Il faut soigneusement séparer le terrain de chasse en deux
zones : dans l'une, les forêts et les broussailles qui finissent au pied
des hauts pâturages dénudés ; dans l'autre, la montagne proprement dite,
avec ses éboulis, ses glaces et ses rochers.
En forêt, les chiens sont assurément efficaces, quoique
cette efficacité ait considérablement diminué dans certaines régions. Les
chamois, surtout les vieux solitaires, ont vite compris qu'il y avait un lien
entre la poursuite des chiens et les coups de fusils, et, dans les districts où
les courants sont fort utilisés, le chamois ne « monte » plus. Peu
chassé, il avait tendance, aux premiers aboiements, à quitter la forêt pour se
réfugier à haute altitude et sortait précisément à découvert pour monter par un
couloir, empruntant exactement les voies gardées par des tireurs. Maintenant,
ils tournent et retournent sous bois, et se font battre indéfiniment en forêt,
sans émerger en vue des chasseurs. C'est une éducation qui s'est faite peu à
peu, et la leçon est bien apprise.
J'ai vu, au cours de ces dernières années, des cas très nets
de hardes descendant à fond de train, dès la première alarme, pour gagner le
refuge de la forêt.
D'autre part, ce genre de chasse est très meurtrier pour les
femelles. Rien ne distingue, à première vue, une chèvre d'un bouc chamois, tous
deux portant des cornes. A l'approche on a tout le temps, à la jumelle, de les
différencier, soif à leur aspect, soit à leur allure, car on les a souvent en
vue pendant des heures avant de pouvoir tirer. Mais un groupe de bêtes talonné
par des chiens et montant un couloir au grand galop ne sera visible que pendant
peu de secondes, et le tireur alignera la première bête qui passera devant son
guidon, quitte ensuite à être assez penaud du résultat.

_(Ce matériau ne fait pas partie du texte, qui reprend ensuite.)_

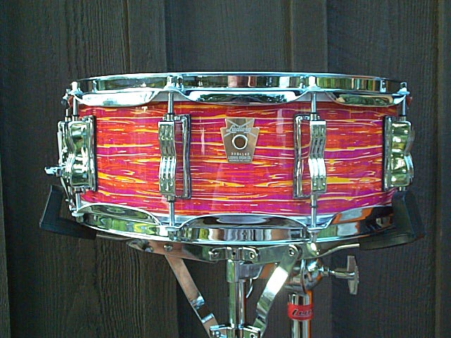 Here's a rarity. The Ludwig Jazz Festival was a 5"X14" wood snare with eight lugs and the P-83 snare strainer. They've been very collectable over the last few years. Pink Oyester Pearl was only offered for 2 years or so, like 1958-59. I personally love the color, but not many were sold.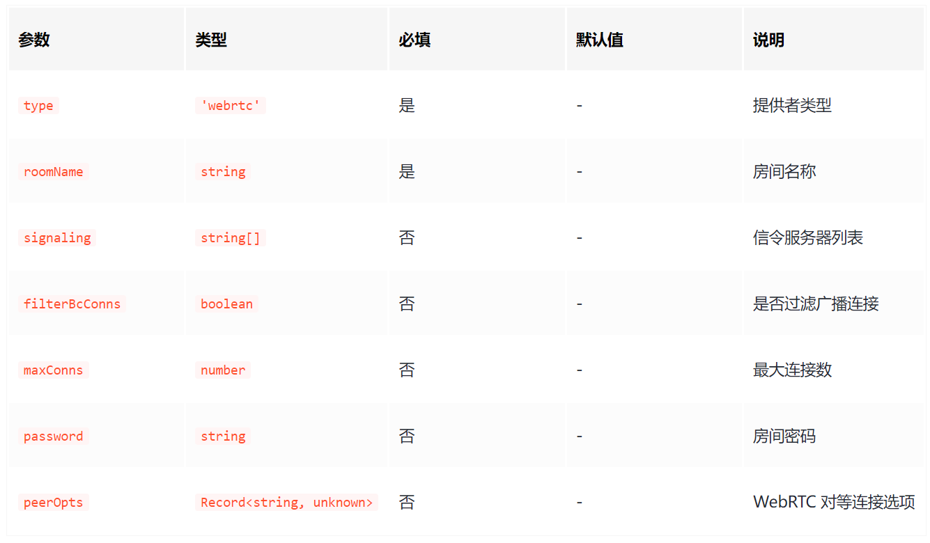 注意: 需要额外安装 WebRTC 依赖 pnpm i y-webrtc。使用这种方式采用点对点连接,不需要中心化的 WebSocket 服务器,更适合低延迟和对网络拓扑有特殊要求的场景。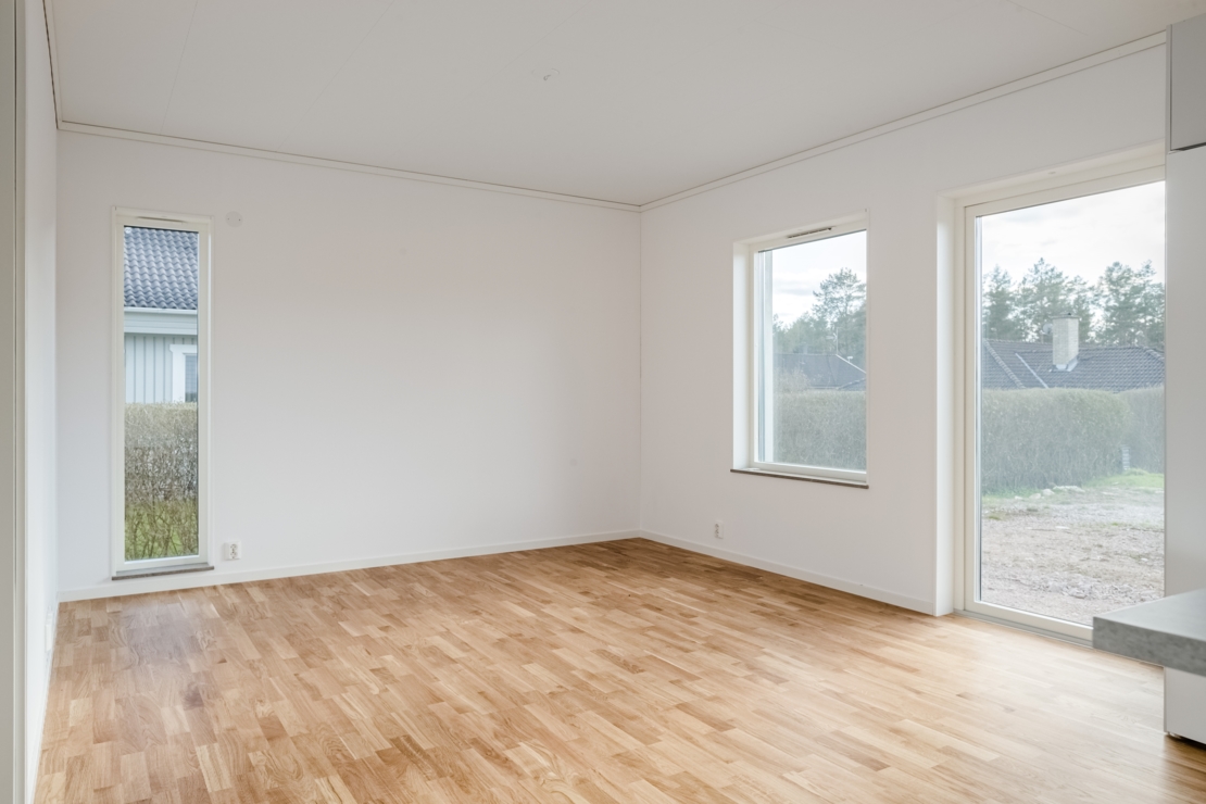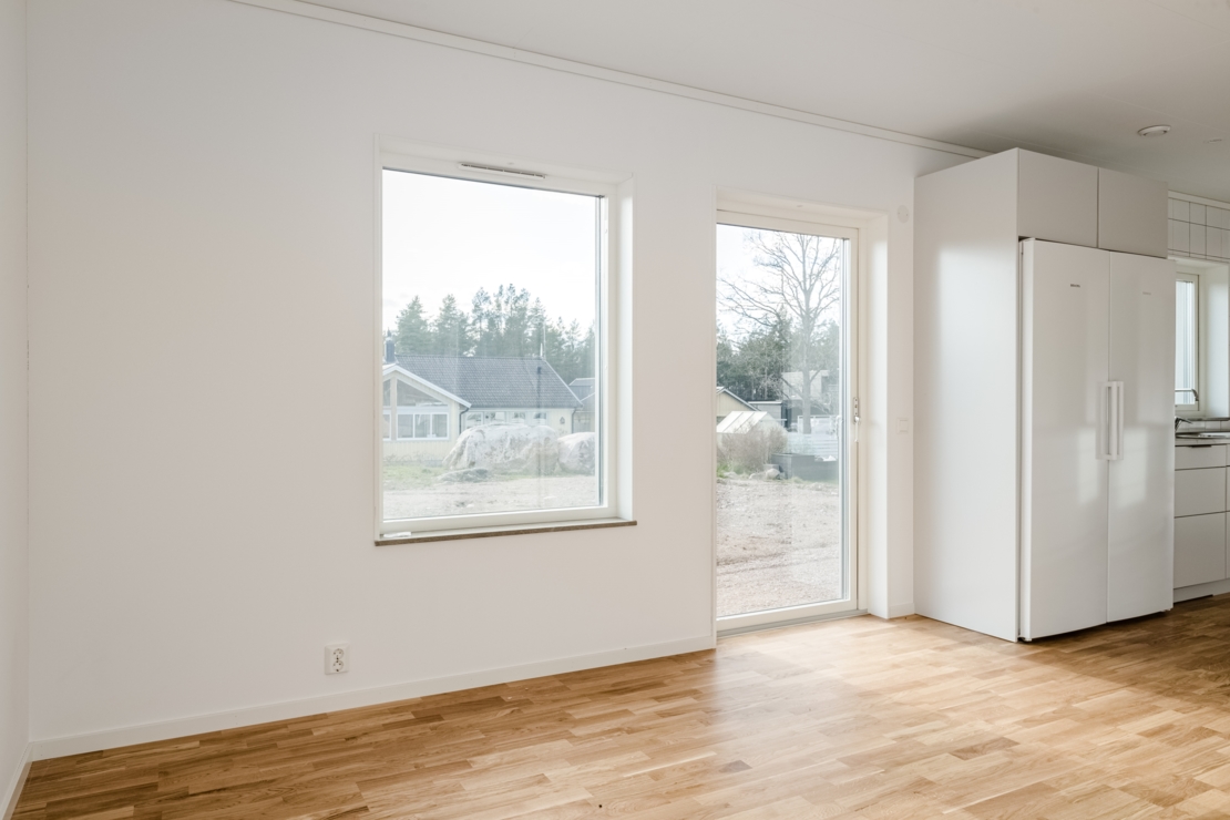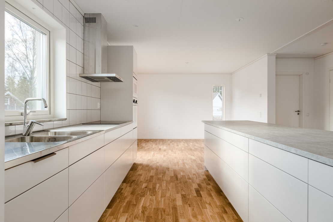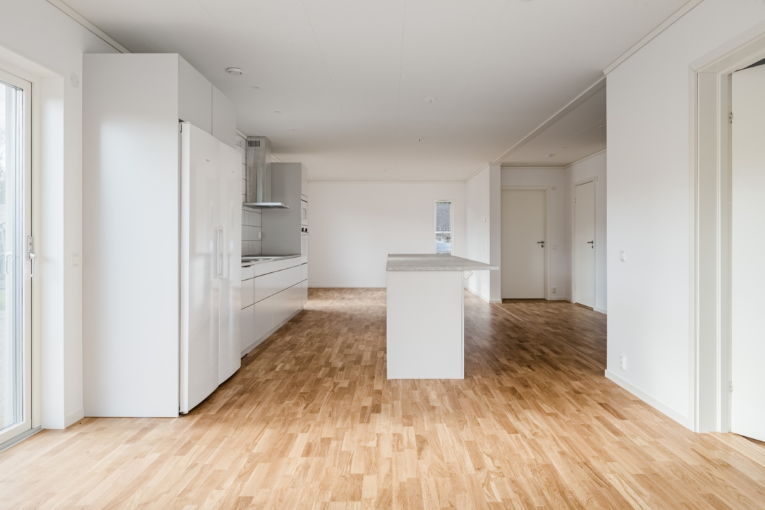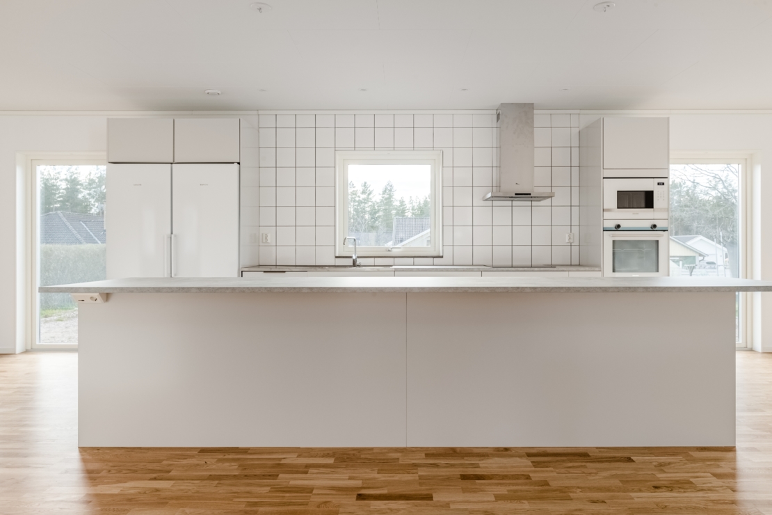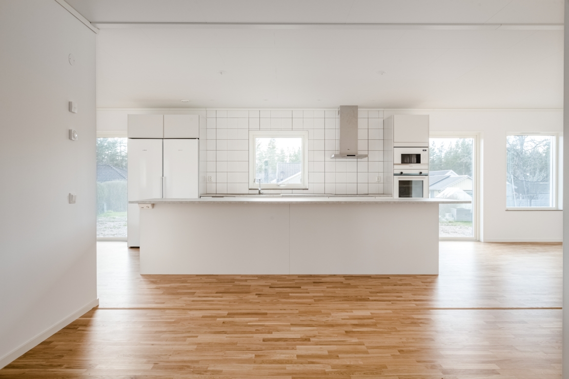 Det första ni möts av är husets hjärta – en smart och generös köksö från Ballingslöv. En perfekt plats för både snabbfrukostar, småkockar, mingel och läxläsning. På entrévåningen är planlösningen öppen, vilket ger en god överblick. Om barnen leker i trädgården hittar man dem snabbt från köket och vardagsrummet, där fönstren täcker husets alla sidor. Från köket finns även en utgång till trädgården. Vidare hittar vi ett stort badrum, tvättstuga och ett väl tilltaget sovrum på bottenvåningen. Övervåningen är oinredd. Här finns det utrymme för ytterligare ett till fem rum och ett badrum. Dessutom ger den höga takhöjden under ryggåsen möjlighet till ett sovloft eller en myshörna för barnen. Det bästa med detta huset är flexibiliteten och att huset kan förändras efter familjens olika behov.

En haute montagne découverte, le chien est plus nuisible
qu'utile. Là, pas de passages obligés, ou plutôt une infinité de passages dans
des chaînes immenses. Découpler des chiens sur des chamois aperçus équivaut à les
envoyer à toute vitesse à plusieurs journées de marche. Ensuite, les chiens
reviendront ... s'ils reviennent. Ils reviendront complètement fourbus,
les pattes saignantes d'avoir couru dans les pierres vives et les éboulis râpeux,
où seul le sabot du chamois, dur comme le fer, peut résister.
Et, bien souvent, les meilleurs chiens ne reviennent pas. Le
chamois n'a nullement peur du chien en soi, il ne le craint que parce que sa
venue annonce celle de l'homme. Dans les pentes où a lieu la poursuite, le
chien, n'a aucune chance de le rattraper, et je ne connais aucun cas de chiens
ayant « coiffé » des chamois, comme cela se passe, par exemple, pour le
sanglier serré de près. Un bouc fera tête et attendra le chien, les cornes
basses, la tête collée au rocher, dissimulé au tournant d'une voie étroite.
Lorsque le chien arrive, le chamois le lance dans le vide d'un mouvement du cou
et l'envoie s'écraser à des centaines de mètres en bas de la paroi, puis il
fait demi tour sur un espace large comme les deux mains et reprend sans hâte sa
retraite. Le plus souvent, les chamois se hissent à grands coups de reins dans
un couloir, s'accrochant à des saillies minuscules, et disparaissent vers les
sommets, tandis que les chiens restent à aboyer en bas. Et c'est mieux ainsi,
car les chiens qui tentent de suivre ont bien des chances de ne pas revenir.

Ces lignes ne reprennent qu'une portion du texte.